Mehr positive Tests als am Flughafen

Die mehr als 400 entdeckten Fälle entsprechen einem Anteil von 2,4 Prozent. Damit ist die Rate an positiven Befunden deutlich höher als beispielsweise an den bayerischen Flughäfen, wo nur knapp ein Prozent aller ausgewerteter Test eine Infektion mit dem neuen Coronavirus anzeigten.

Testergebnisse beschleunigen

Die Station für kostenlose Tests an der A3-Raststätte ist seit 30. Juli in Betrieb und wird seit gestern von einem privaten Dienstleister betrieben, der die ehrenamtlichen Helfer mehrerer Organisationen ablöst. Die Auswertung der Tests will die von der Staatsregierung beauftragte Firma beschleunigen. So sollen die Daten und Ergebnisse laut Gesundheitsministerin Melanie Huml (CSU) zukünftig digital weitergegeben werden. Bisher mussten Getestete nach BR-Informationen bis zu einer Woche auf ihre Ergebnisse warten.

In Bayern können sich Reisende an den Flughäfen München, Nürnberg und Memmingen kostenlos auf eine Infektion mit dem Virus Sars-CoV-2 testen lassen, zudem an den Hauptbahnhöfen München und Nürnberg. Außer an der A3 gibt es noch auf Rastplätzen an den Autobahnen 8 und 93 Teststationen.

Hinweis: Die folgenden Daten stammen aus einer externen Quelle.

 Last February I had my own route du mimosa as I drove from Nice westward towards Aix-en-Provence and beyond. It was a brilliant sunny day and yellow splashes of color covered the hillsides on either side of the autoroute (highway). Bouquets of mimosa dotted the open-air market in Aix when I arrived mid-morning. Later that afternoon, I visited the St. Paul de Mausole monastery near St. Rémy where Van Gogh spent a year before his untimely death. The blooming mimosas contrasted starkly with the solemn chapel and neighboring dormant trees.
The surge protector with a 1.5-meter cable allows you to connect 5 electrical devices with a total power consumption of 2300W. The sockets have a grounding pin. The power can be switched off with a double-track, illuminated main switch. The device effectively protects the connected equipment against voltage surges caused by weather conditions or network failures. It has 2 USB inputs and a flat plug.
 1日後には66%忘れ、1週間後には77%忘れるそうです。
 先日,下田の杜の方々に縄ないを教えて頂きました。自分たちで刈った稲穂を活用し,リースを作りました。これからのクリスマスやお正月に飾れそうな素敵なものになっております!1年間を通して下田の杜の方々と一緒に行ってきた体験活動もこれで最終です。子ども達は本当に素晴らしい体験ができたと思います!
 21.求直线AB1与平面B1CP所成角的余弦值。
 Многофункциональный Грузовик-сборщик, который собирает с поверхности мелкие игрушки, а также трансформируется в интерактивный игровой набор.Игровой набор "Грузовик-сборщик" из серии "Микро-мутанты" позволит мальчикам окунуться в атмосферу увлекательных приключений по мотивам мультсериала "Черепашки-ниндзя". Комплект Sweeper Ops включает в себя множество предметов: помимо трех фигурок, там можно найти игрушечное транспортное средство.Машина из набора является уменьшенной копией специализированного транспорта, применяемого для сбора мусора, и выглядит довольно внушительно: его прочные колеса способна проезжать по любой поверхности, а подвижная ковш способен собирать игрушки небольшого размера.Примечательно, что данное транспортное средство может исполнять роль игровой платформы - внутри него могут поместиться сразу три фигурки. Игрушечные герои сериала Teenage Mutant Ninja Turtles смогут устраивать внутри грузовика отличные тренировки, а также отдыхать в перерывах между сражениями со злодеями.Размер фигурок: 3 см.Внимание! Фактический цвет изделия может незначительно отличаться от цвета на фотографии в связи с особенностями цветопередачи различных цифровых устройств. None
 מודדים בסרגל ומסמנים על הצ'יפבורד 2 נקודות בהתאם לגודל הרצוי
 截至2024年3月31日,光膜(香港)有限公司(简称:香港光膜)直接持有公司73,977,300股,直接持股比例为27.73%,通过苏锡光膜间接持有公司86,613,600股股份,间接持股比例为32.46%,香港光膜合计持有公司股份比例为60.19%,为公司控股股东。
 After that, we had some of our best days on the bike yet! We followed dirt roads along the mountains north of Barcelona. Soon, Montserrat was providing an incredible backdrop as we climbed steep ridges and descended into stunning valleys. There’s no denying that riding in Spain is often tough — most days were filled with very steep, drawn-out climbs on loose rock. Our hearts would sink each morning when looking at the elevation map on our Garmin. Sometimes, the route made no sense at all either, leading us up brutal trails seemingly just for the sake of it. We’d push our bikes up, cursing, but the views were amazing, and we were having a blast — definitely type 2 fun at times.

Laborverband sieht Grenzen bei Corona-Testangebot

Ministerpräsident Markus Söder (CSU) hatte am Montag angekündigt, dass die Tests in Bayern noch einmal massiv ausgeweitet werden sollen. In jedem Landkreis und jeder kreisfreien Stadt soll ein Corona-Testzentrum entstehen.

Die Ausweitung von Corona-Testangeboten in Deutschland stößt bei einem großen deutschen Laborverband auf Bedenken und Kritik: Fachleute vom Verband Akkreditierte Labore in der Medizin (ALM) sprachen sich angesichts begrenzter Kapazitäten für gezieltes statt anlassloses Testen aus. "Die immense Zunahme des Testgeschehens brachte die Labore mancherorts an den Rand ihrer Leistungsfähigkeit, trotz der im internationalen Vergleich sehr hohen Testkapazitäten", erklärte der Verband. Am Ende drohten Ressourcen an anderer Stelle zu fehlen: für die Versorgung Erkrankter, in Kliniken und Pflegeheimen sowie bei der Aufdeckung von Infektionsketten.